** What you have to do **
Reproduce, from the lines below, exactly the stretch that begins at the line containing "SET of 6 French" and ends at the line containing "Das Set beinhaltet", both included.

** Available records **
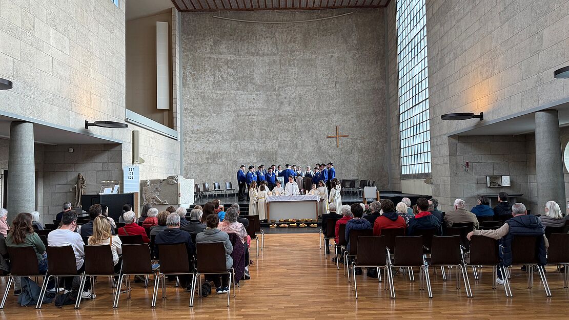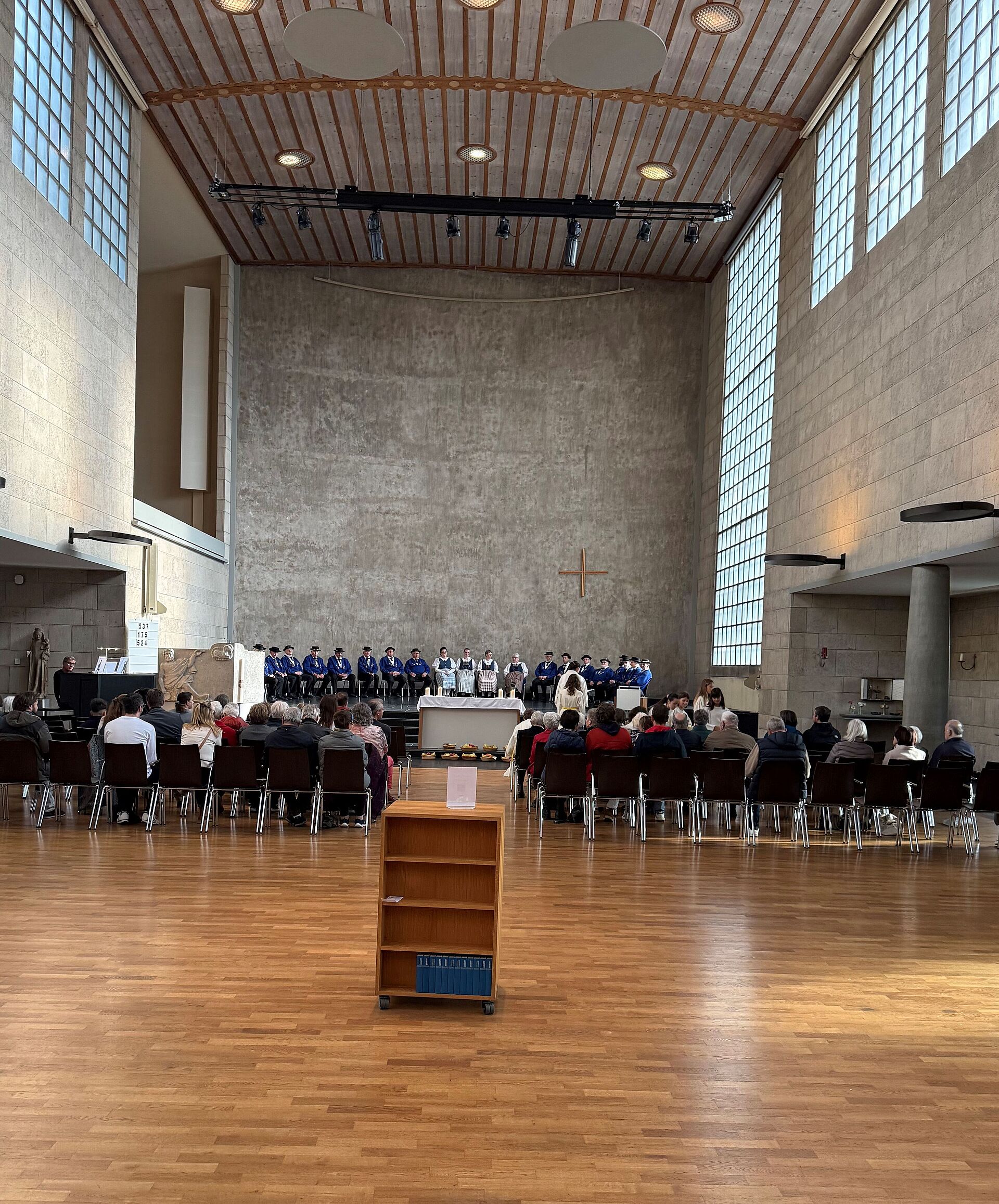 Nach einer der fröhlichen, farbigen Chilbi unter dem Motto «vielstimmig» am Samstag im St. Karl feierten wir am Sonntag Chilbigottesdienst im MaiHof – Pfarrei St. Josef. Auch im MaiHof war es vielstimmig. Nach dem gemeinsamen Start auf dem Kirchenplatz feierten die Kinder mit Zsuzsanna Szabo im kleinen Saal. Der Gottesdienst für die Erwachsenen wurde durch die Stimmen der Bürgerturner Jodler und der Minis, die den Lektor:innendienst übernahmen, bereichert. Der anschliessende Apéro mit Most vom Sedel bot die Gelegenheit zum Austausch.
--
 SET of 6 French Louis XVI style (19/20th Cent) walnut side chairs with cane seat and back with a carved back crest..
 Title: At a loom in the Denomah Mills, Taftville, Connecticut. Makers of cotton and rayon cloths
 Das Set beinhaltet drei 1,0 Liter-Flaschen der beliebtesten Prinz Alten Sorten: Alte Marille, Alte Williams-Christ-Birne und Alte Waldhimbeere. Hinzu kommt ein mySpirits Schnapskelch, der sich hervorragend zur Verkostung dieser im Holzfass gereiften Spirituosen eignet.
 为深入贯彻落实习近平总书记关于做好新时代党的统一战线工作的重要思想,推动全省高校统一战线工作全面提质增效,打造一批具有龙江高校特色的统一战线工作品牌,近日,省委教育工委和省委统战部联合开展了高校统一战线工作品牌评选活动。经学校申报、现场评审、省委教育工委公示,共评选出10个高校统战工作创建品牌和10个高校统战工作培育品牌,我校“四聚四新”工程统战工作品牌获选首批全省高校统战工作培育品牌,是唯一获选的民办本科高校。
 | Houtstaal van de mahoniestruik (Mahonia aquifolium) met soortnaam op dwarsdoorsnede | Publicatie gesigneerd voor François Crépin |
---
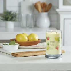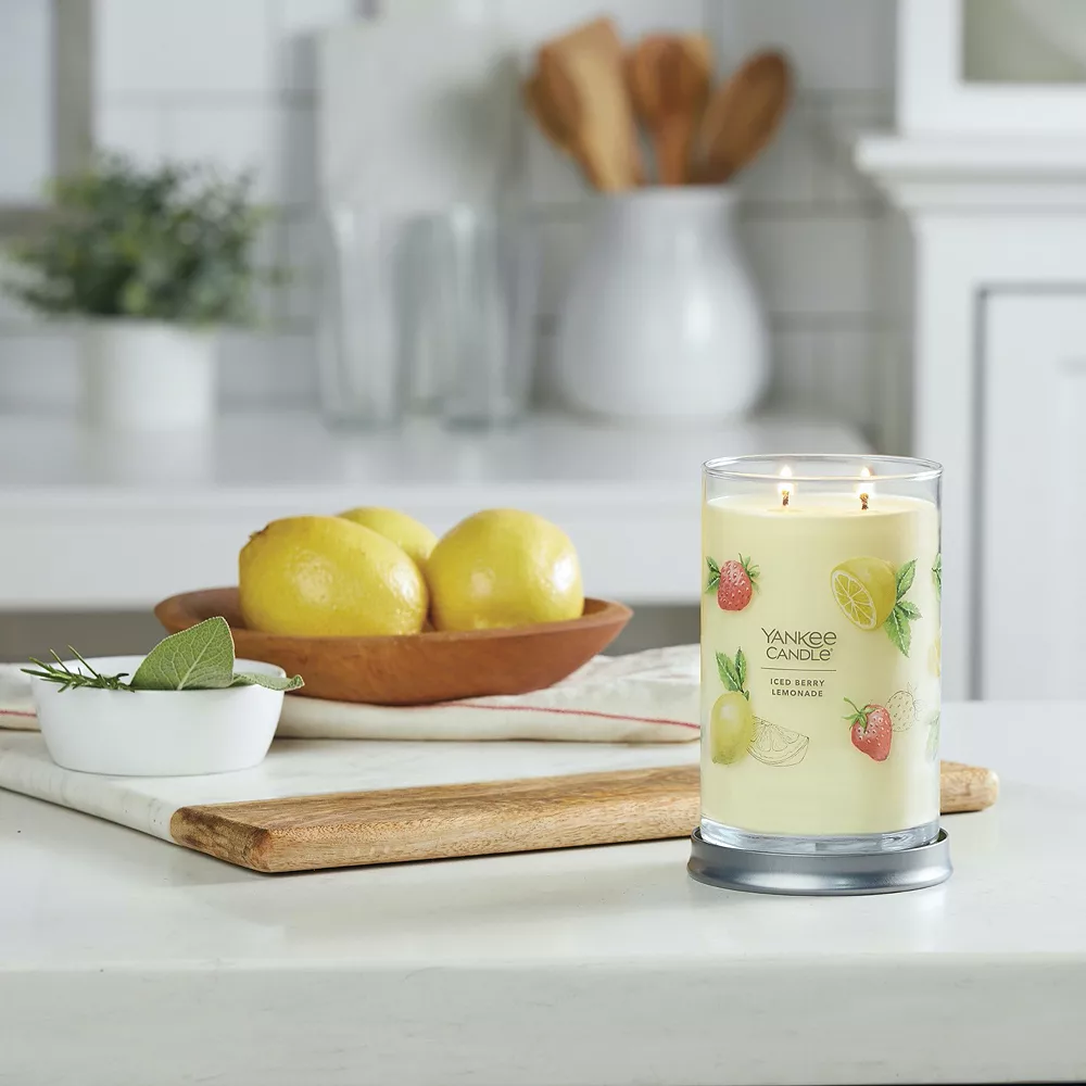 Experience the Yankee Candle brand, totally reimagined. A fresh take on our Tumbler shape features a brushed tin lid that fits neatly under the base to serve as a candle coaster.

** Response area **
 SET of 6 French Louis XVI style (19/20th Cent) walnut side chairs with cane seat and back with a carved back crest..
 Title: At a loom in the Denomah Mills, Taftville, Connecticut. Makers of cotton and rayon cloths
 Das Set beinhaltet drei 1,0 Liter-Flaschen der beliebtesten Prinz Alten Sorten: Alte Marille, Alte Williams-Christ-Birne und Alte Waldhimbeere. Hinzu kommt ein mySpirits Schnapskelch, der sich hervorragend zur Verkostung dieser im Holzfass gereiften Spirituosen eignet.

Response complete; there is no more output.